In August 2013, DuVernay released a second short film through Vimeo entitled Say Yes. The film was sponsored by cosmetic brand Fashion Fair and starred Kali Hawk and Lance Gross. Julie Dash, Victoria Mahoney, Lorraine Toussaint and Issa Rae appeared as extras in the film.

In September 2013, DuVernay started a podcast series called The Call-In, a series of phone conversations recorded by African-American Film Festival Releasing Movement ("AFFRM") of Black filmmakers of feature narrative and documentary work.

On March 14, 2015, DuVernay gave a keynote address at the 2015 SXSW Film Festival. In the speech, DuVernay shared that she was the seventh choice of people asked to direct Selma and described her experience at the 2015 Oscars, while being an honor to be able to attend, it was just "a room in L.A."

Style and themes

"Like other African American filmmakers, including pioneers of past generations, DuVernay subscribes to the ethos that art serves a social purpose, debunks demeaning and normative assumptions about black people, and renders black humanity in all manner of genres and complexity." Like many black art movements before her, she continues to advocate for black empowerment and representation in the media.

Two core themes embody her line of work.

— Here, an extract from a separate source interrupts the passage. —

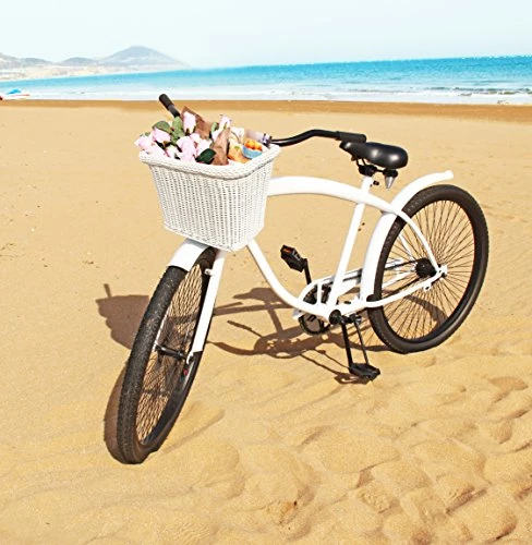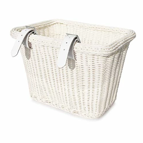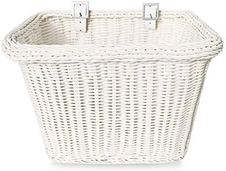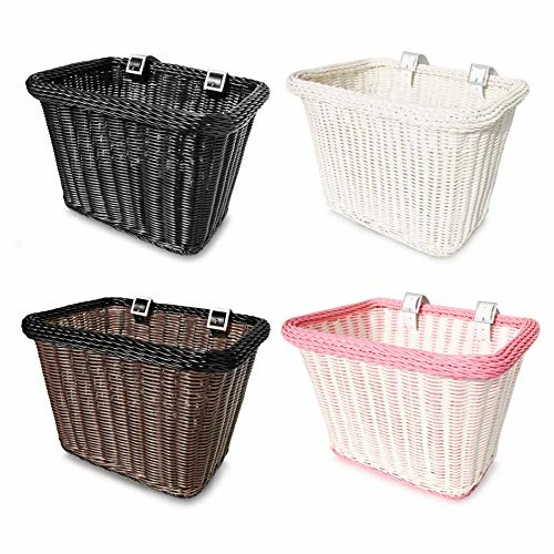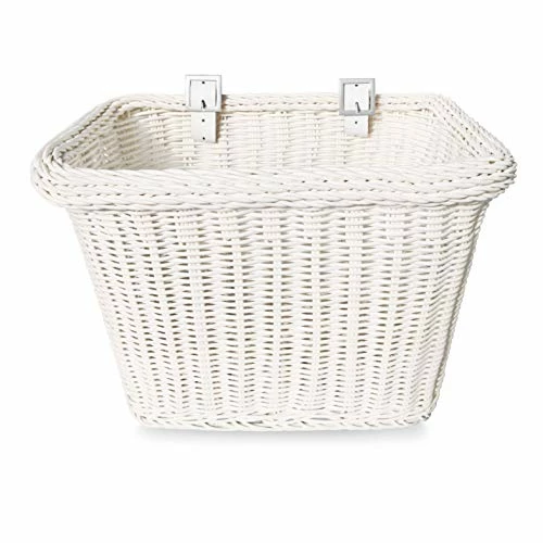 Great basket, very attractive and a perfect size! Will hold a considerable amount (5-6 books, or a pretty good amount of groceries, though you don’t want anything on the front of your bike to be too heavy…). My bike is white, so the white basket is just the ticket, and because it is not wicker it will stand up to the elements quite well presumably; also presumably can be cleaned with a strong jet from a hose if it gets dirty. 4 rather than 5 stars simply because I find the cables from the speed regulator, coming down from the right side of the handlebar, tend to shove the basket a bit to the left, off center. When it’s full this may not be as noticeable.

First, is sustained interrogation that engages with black women's agency and subjectivity. Second, she refers to family as "site and source of resilience, memory, cultural transmission, generational continuity and dissonance, and as purveyor of all things affirming of black identity".

Michael T. Martin has said "DuVernay is among the vanguard of a new generation of African American filmmakers who are the busily undeterred catalyst for what may very well be a black film renaissance in the making." He further speaks of DuVernay’s mission and "call to action" which constitutes a strategy "to further and foster the black cinematic image in an organized and consistent way, and to not have to defer and ask permission to traffic our films: to be self-determining."

One step towards this strategy has been her founding of the collective AFFRM.

Awards, nominations, honors

  • In 2012, Variety feautued Duvernay in its Women's Impact Report.
  • In June 2013, she was invited to both the director's and writer's branches of AMPAS. DuVernay was only the second black woman, following Kasi Lemmons, to be invited to the director's branch.
  • Duvernay became the inaugural recipient of the Tribeca Film Institute's Heineken Affinity Award, receiving a $20,000 prize and industry support for future projects. DuVernay donated all the money to the black arthouse film collective she founded known as AFFRM.
  • In June 2015, Duvernay will be honored as part of Women in Film Crystal + Lucy Awards with the Dorothy Arzner Directors Award.
  • In April 2015 DuVernay was chosen as one of Mattel's "Sheros" of 2015. As such a custom-made one-of-a-kind Barbie in DuVernay's likeness was produced. The doll was auctioned off with the proceeds given to charity. Due to high demand, a collectible version of the doll was produced and sold in December of that year.
  • In 2017, DuVernay became the first black woman nominated for an Oscar for Best Documentary Feature, which she was nominated for her film 13th.
  • DuVernay Test

    The DuVernay Test is the race equivalent of the Bechdel Test (for women in movies), as suggested by New York Times film critic, Manohla Dargis, in early 2016. It aims to point out the lack of people of color in Hollywood movies, through a measure of their importance to a particular movie or the lack of a gratuitous link to white actors. It is named for African-American film director Ava DuVernay.

    Nadia Latif and Leila Latif of The Guardian have suggested a series of five questions:

  • Are there two named characters of color?
  • Do they have dialogue?
  • Are they not romantically involved with one another?
  • Do they have any dialogue that isn’t comforting or supporting a white character?
  • Is one of them definitely not magic?
  • A simplified version by Nikesh Shukla proposed a Bechdel-type test: “Two main characters who are people of color talk to each other without mentioning their race.”